Zola review Photo Credit: Sundance Institute

So, I was thinking about the look and feel of the film. What are some of your aesthetic influences?

Janicza Bravo: There’s a small list of movies that was the homework assignment for everyone to watch. There was Coffy, Killing of a Chinese Bookie, Natural Born Killers, The Wiz, Showgirls and Paris is Burning. I remember being really attracted to the lighting in Paris is Burning because we were also shooting in 16mm. But most of the work that I use to influence me is mostly photographic. The photo work I pulled from primarily was Philip-Lorca diCorcia’s Hustlers, Deana Lawson’s portraiture and this photographer who goes by the name @suffer_rosa on instagram whose name is Maxi Magnano.

How did you cast Taylour?

We saw over 700 girls for Zola. Close to 800 actually. I had written a monologue out of the first 20 or 25 tweets and we cast this really wide net, like everywhere basically. If you came across the post, you could submit. We saw tons and tons of women. Taylour auditioned towards the end of this process and I just knew immediately. Sometimes you just know.

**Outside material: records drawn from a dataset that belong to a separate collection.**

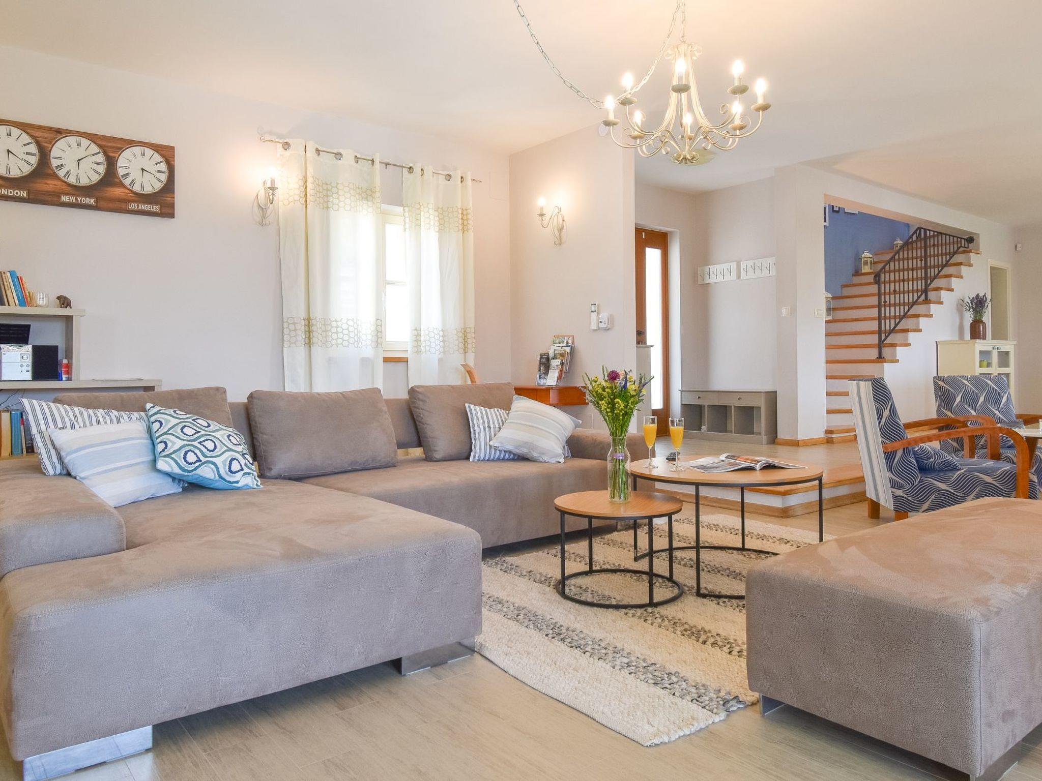 The villa is arranged on two floors (ground floor and first floor). On the ground floor there is a big living room, kitchen, dining room, bathroom, laundry room and bedroom. The living room has two big sofas, two armchairs, fireplace, big TV and DVD, radio, computer table, bookcase. The kitchen is fully equipped with fridge and freezer, cooker, microwave oven, toaster, coffee machine, and a big dining room. From the living and dining room there is an exit to a large terrace (60 m), on which there is a table for eating and a sofa and outdoor armchairs. On the first floor there are 3 double bedrooms, each with its own private bathroom and a children's room with a bed 0,80x190cm, a cot and a large terrace with a sea view.
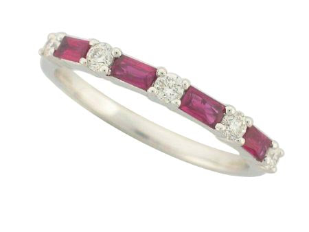 14K White Gold Ruby & Diamond Alternating Band
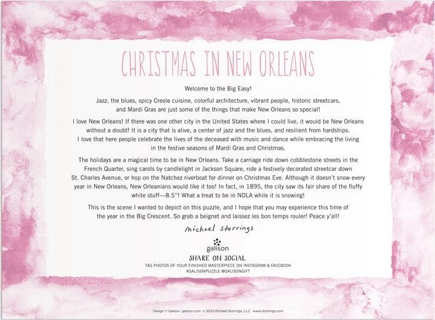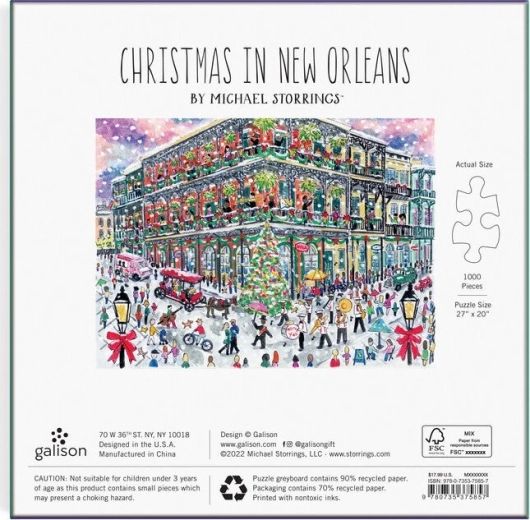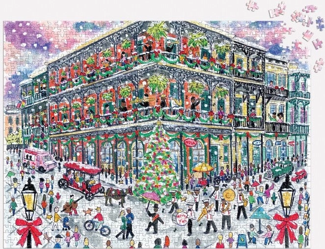Užite si čaro sviatkov s puzzle, ktoré prenáša atmosféru starej francúzskej štvrte v New Orleans. Ilustrácia od oceňovaného Michaela Storringsa žiari detailmi, ktoré vyniknú vďaka špičkovej tlači a matnej povrchovej úprave. Puzzle je vyrobené z recyklovaných materiálov a dodáva sa v pevnej FSC® krabičke.

What was it like working with Jeremy O. Harris? Did you know each other beforehand? Had you worked on anything together before?

We met at this party. He was on a very bad date with a director. (One of my peers, who I will not name.) And Jeremy doesn’t know anyone at this party and he just finds me in the kitchen. There’s some look on his face that I know says he needs care, and I’m open. I say “Hey” and I just take him with me like, “I got you. I don’t know what’s going on, but I got you.” And we’ve just been buddies ever since.

And then when I was in the running for Zola, I knew it was between me and another director. We started to have these conversations around who would be the right writer, the right collaborator. Jeremy was on my list but I felt he seemed to be the most unlikely, mainly because he was going to college. The other writers had been in multiple TV rooms or had written scripts and he only had, at this point, a play. And the play was Daddy, his first play. So there’s a list of these award-winning writers and then there’s Jeremy, and I was like, “I don’t know if they’re going to buy it.” 

My partner at the time, Brett Gelman, encouraged me to put Jeremy forward, because I really did think he would have made a great collaborator based on how we were in life together. I just really believed in his voice but didn’t think that I could present him as a viable option. And Brett basically said, “Well, why not?” And we, both being Black kids who worked very hard to move very slowly forward, were like, “What do you mean?” And he said, “I don’t know. Just, why not? Just be like, ‘I want him to do it and it’s fine.’” I think a lot of that has to do with the way Brett moves through the world. And I was like, “Great. I’m going to borrow like 15% of that energy and just take it into the room.” And it worked.

The real Zola, A’Ziah King, mentioned that the film was originally being developed with James Franco. How did this project get to you?

So, I had read the story when it came out on Twitter. I had initially gone out for it but did not make the cut. Then a couple of years later this would be in the spring of 2017 my first feature [Lemon] had just premiered at Sundance. And my friend, Jodie Turner-Smith, knew that I loved [the Zola story]. We must have talked about it a handful of times in the last couple of years. She happened to be at a party, I think like a month after Lemon came out, and somebody was talking about that Zola story James Franco had stepped off. She texted me in the middle of the night and was like, “Oh my god! It’s available! You have to go after it!” And that was basically it.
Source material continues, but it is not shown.